I use these LLM tools on a daily basis for various tasks. One has to know "how" and "when" to use them as a tool, but never as an authority. These are not more intelligent than humans, only faster at retrieving information it has in its LLM. Any translator worth their salt would never just rely on an LLM translation, for modern or classical languages. A few hours of experience will show you how much nonsense it spews out alongside useful data. Every word and every sentence needs to be sifted through, and we still find major errors, in a process that can be just as laborious as translating oneself from scratch.
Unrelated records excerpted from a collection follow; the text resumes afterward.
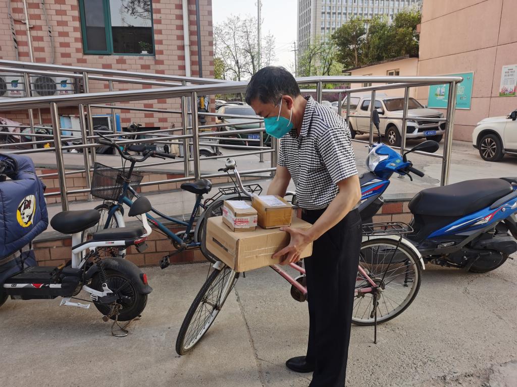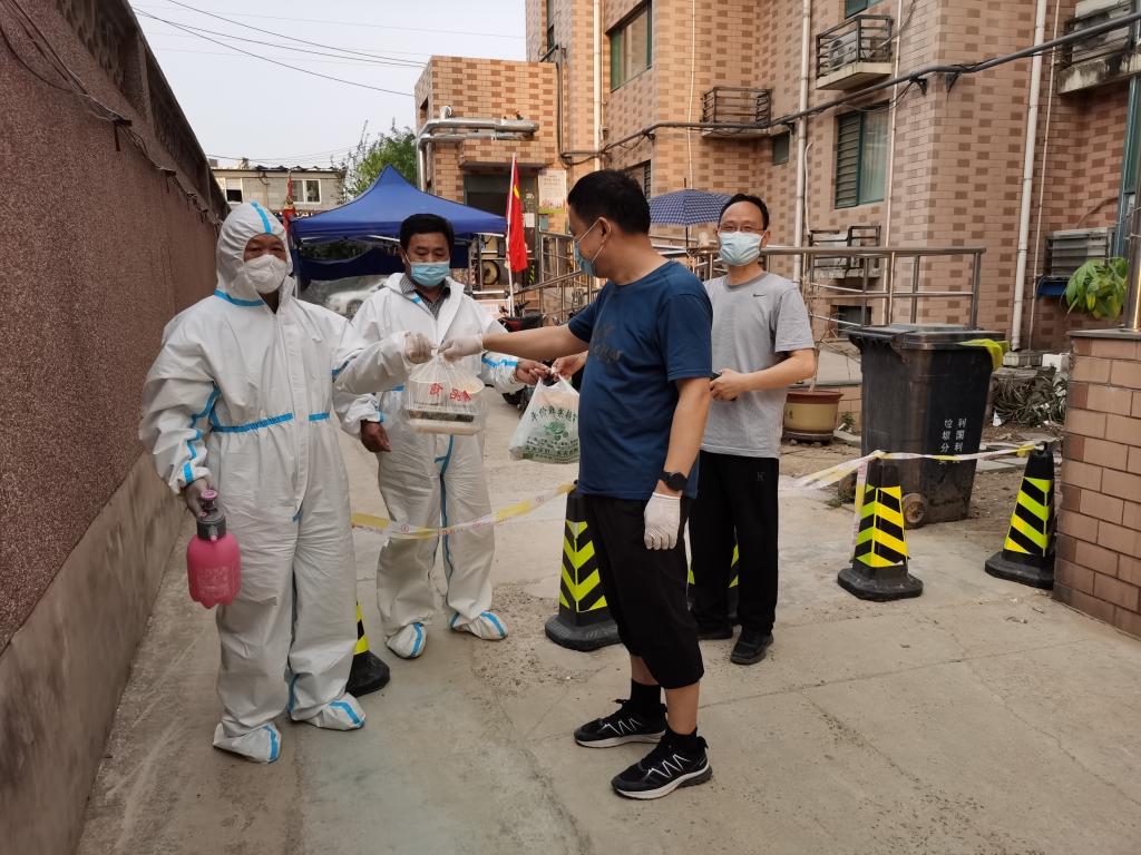 封控单元居民购买生活物资的渠道,或是在附近超市进行线上选购、线下统一送货,或是在网上购买、快递送货,都是将货物送至小区门口,需要志愿者运送至单元门口。一些租房的年轻居民,一日三餐基本都通过外卖解决,有时还在小区内的超市购买生活用品。居民的各种需求都在微信群留言提出。为了最好地方便居民生活,值班志愿者总是一刻不停地盯着手机,只要微信群中出现需求信息,志愿者立即秒回复,迅速进行运送或购买。就这样一趟一趟跑,一件一件送,一天下来累计要跑几十次。在居民购买蔬菜水果等物资相对集中的时候,搬运任务很重。为了更好地开展工作,黎毅等几位老师开私家车、李序平老师用电瓶车、李世亭等几位老师用自行车,每天穿梭于小区门口、丰巢快递柜与封控单元门口之间。苏效建老师值班当天,恰逢居民购买日用品高峰,连续搬运桶装水,一天下腰酸腿疼,脚上磨起了血泡,行走不便。而不管如何劳累,志愿者始终保持了高涨的服务热情,微信群里总是充满热情的回复:“好的,收到信息!”“您的外卖已在单元门口,请下来取!”就在志愿者一次次的运送中,居民收到了新鲜的蔬菜,吃上了热气腾腾的外卖,他们的心里是踏实的,感觉是温暖的。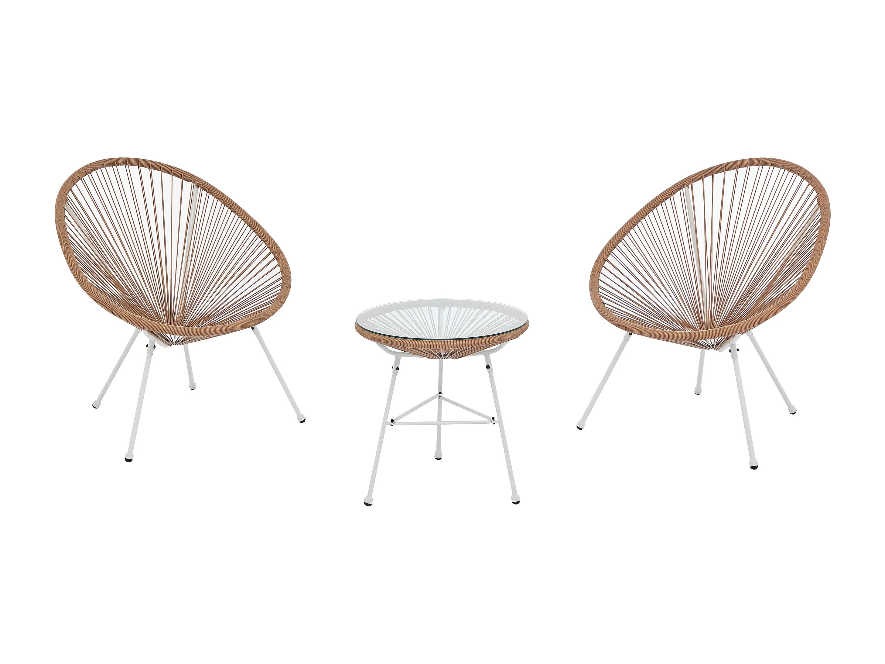 Salon de jardin en fils de résine tressés : 2 fauteuils et une table - Naturel clair - ALIOS III de MYLIA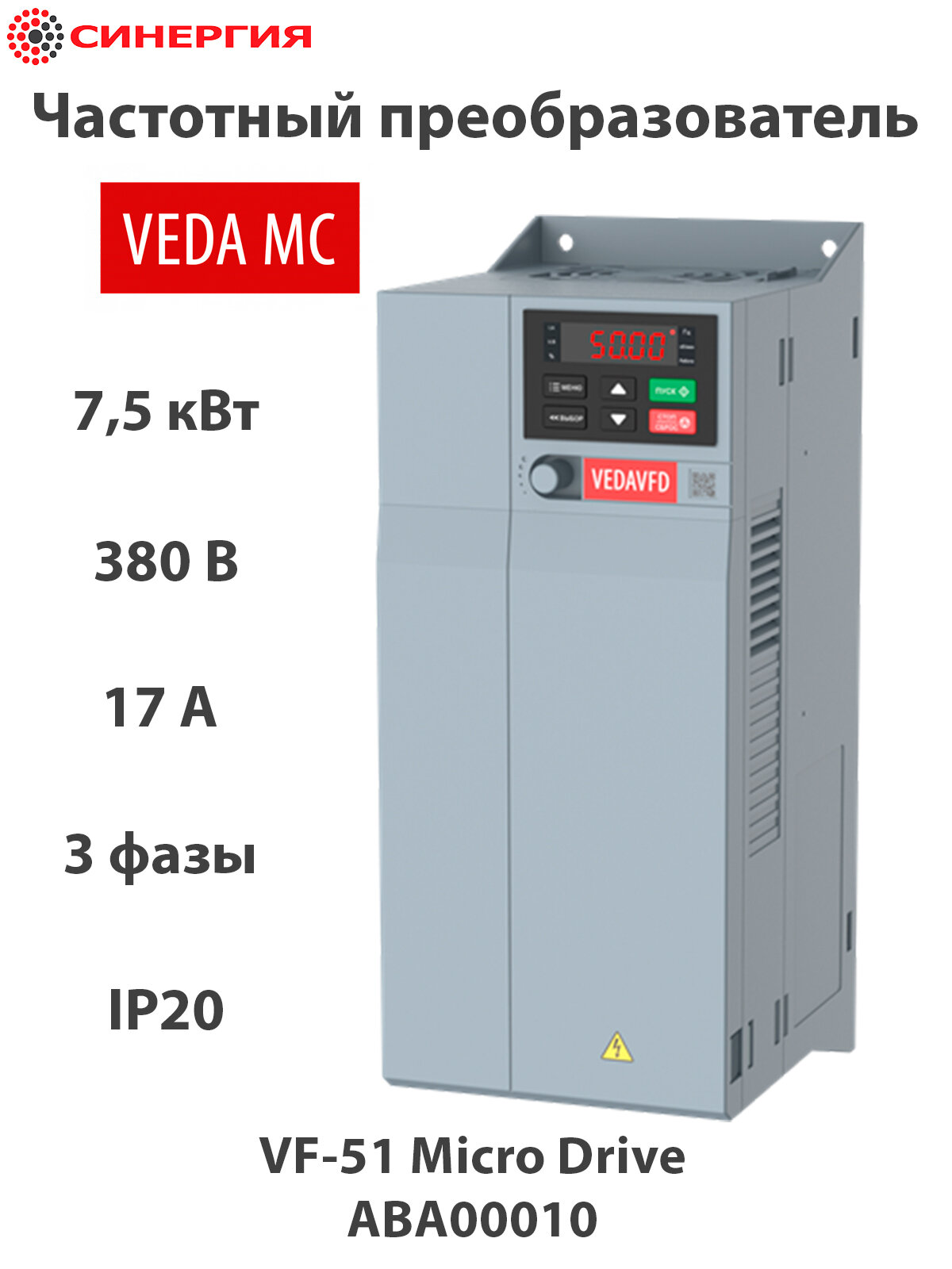 Преобразователь частоты VF-51-P7K5-0016-T4-E20-B-H вход. 380В выход. 7.5кВт выход. 16А | код ABA00010 | VEDA ( 1шт. )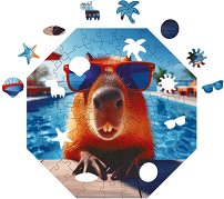 Пъзелът от Milliwood е красив и цветен. Изработен е от дърво и е прибран в дървена кутия. Състои се от 90 части и е с нестандартна форма. На картинката е изобразен чаровно грозната капибара Swimpybara. Тя има специална сила - може да накара всички около себе си да се чувстват щастливи и спокойни. Преди всичко Swimpybara обича да пътува по света и да посещава различни места, където присъствието й носи радост и спокойствие. Последната й спирка беше тропическа ваканция, където всяка сутрин излизаше от басейна, за да се наслаждава на слънцето и компанията на нови приятели. Комплектът включва осем специални части във ...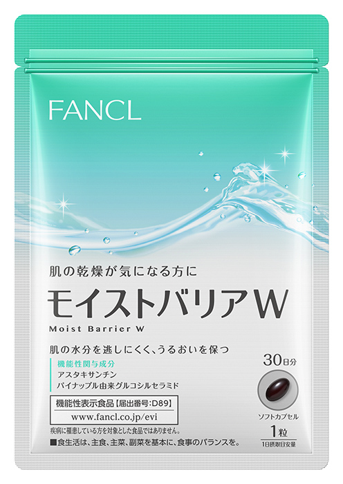 “肌の水分を逃しにくく、うるおいを保つ”をテーマにした機能性表示食品。機能性関与成分にアスタキサンチン3 mg、パイナップル由来グルコシルセラミド1,200μgを配合。サポート成分としてナノ化ヒアルロン酸も1 粒当たり50mg配合している。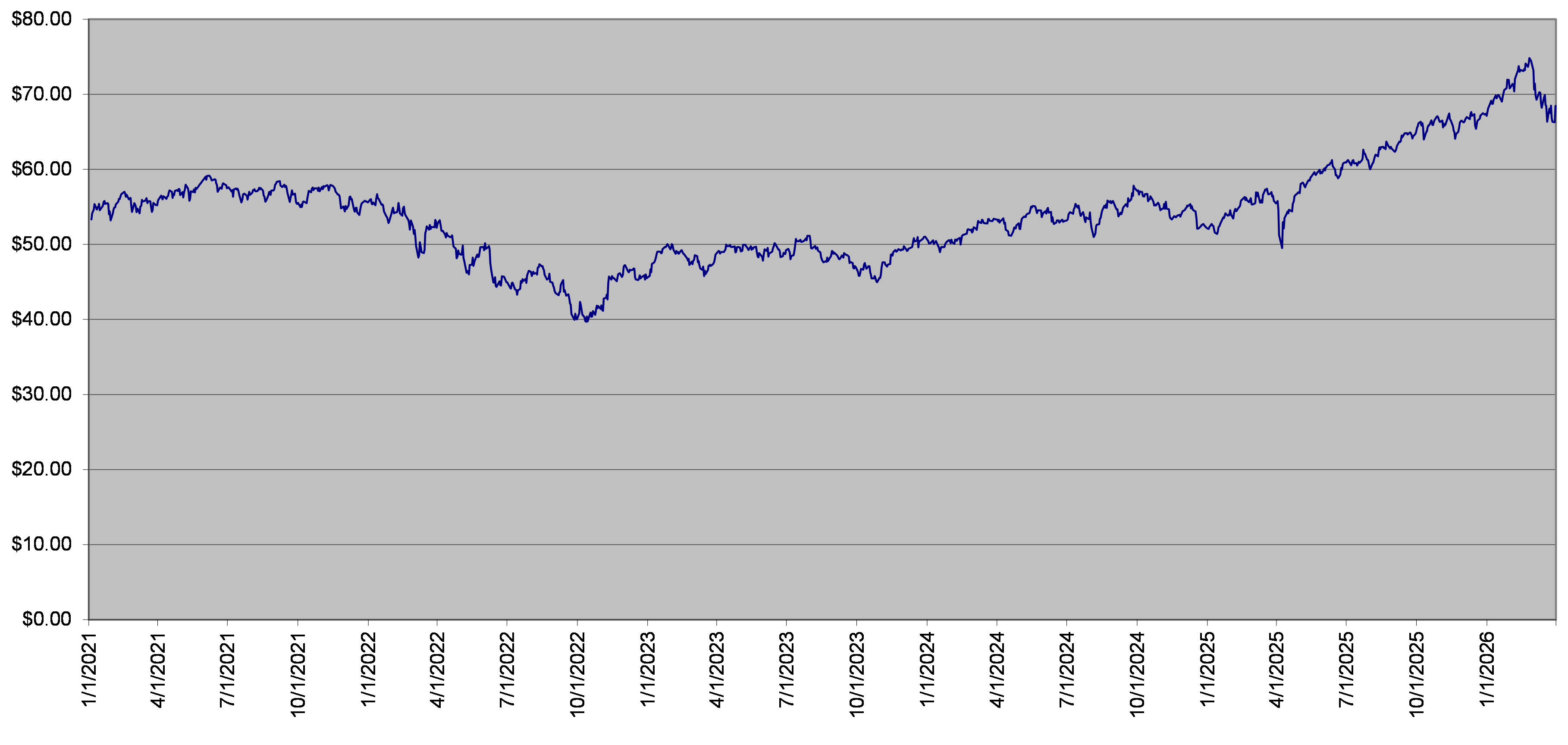 ACWX Fund Daily Closing Levels January 1, 2021 to March 31, 2026 |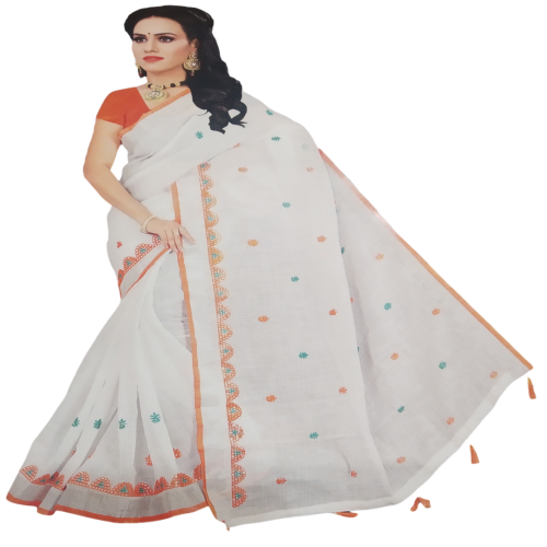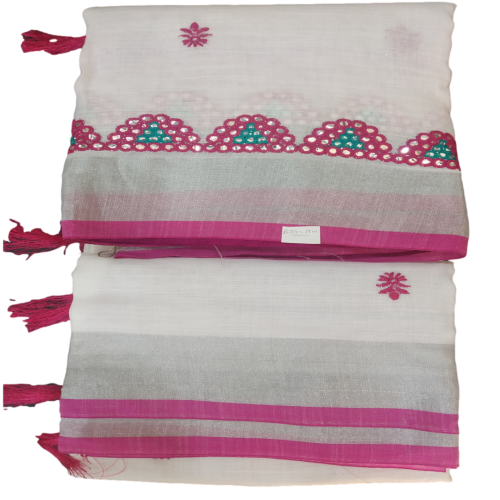 Type: Lenin Cotton Embroidary Mirror Work Saree with Blouse piece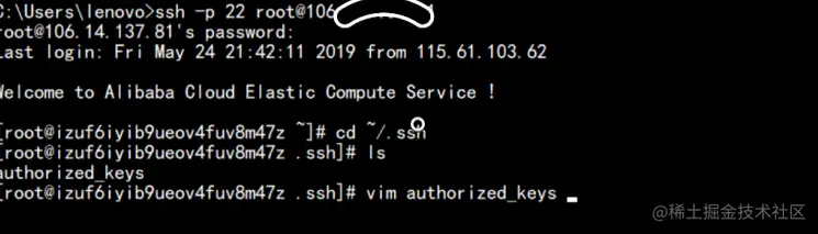 - 将生成的公匙内容粘贴到 authorized_keys 文件中。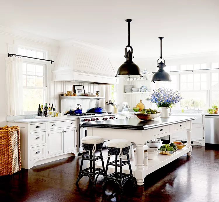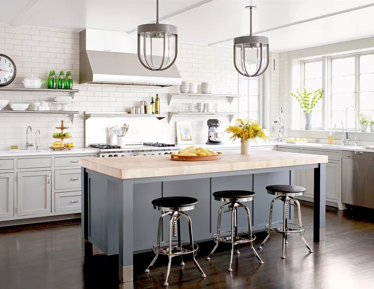 In an authentic farmhouse kitchen, practicality is key. Open shelves display everyday dishware for easy access and organization. A butcher-block island at the center of the space offers rustic charm and a practical prep surface.

Just using the OP's examples, for instance. When you get beyond the fact that a computer is able to write something comprehensible and convincing, if you look at it as a translator, the examples are both inaccurate and unusable. The verses are split wrong, basic vocabulary is misidentified, and it doesn't have knowledge of the nuances of Buddhist Hybrid Sanskrit grammar as used in Dharanis and mantras that a scholar who works on these would know about. Moreover, it just hallucinated passages not in the source text, which a Buddhist human translator would view as a very serious fault.

How is this useful? Well, it is essentially a very fast dictionary look up tool. Suppose you are competant in Tibetan and Sanskrit grammar and you have a good sense of the general vocabulary, but you need a quick jog to the memory on words you haven't seen in a while, having these translations can help you to have an immediate look up, for what would take a few minutes with a regular online dictionary, or a half hour with a paper dictionary.

The second use case is in sorting out unusual syntax. It also isn't always right, but sometimes it can give you an idea of how syntax might fit together in a more complex sentence with subclauses and so forth.

Finally, I would say that even though Gemini is an advance over Bard, it is still less reliable than GPT4. For Tibetan, both are less reliable than MonlamAI. A translator would never "rely" on these, but might "refer" to them as they would to a dictionary.

How is it not useful? Basically, if people who don't know these languages rely on these translations as authoritative, they are guaranteed to be relying on wrong translations most of the time. If you don't read Buddhist languages, support translators who can interpret more accurately by purchasing their translations or donate to translation projects. Without the human translators, we won't know the rubbish from the Dharma.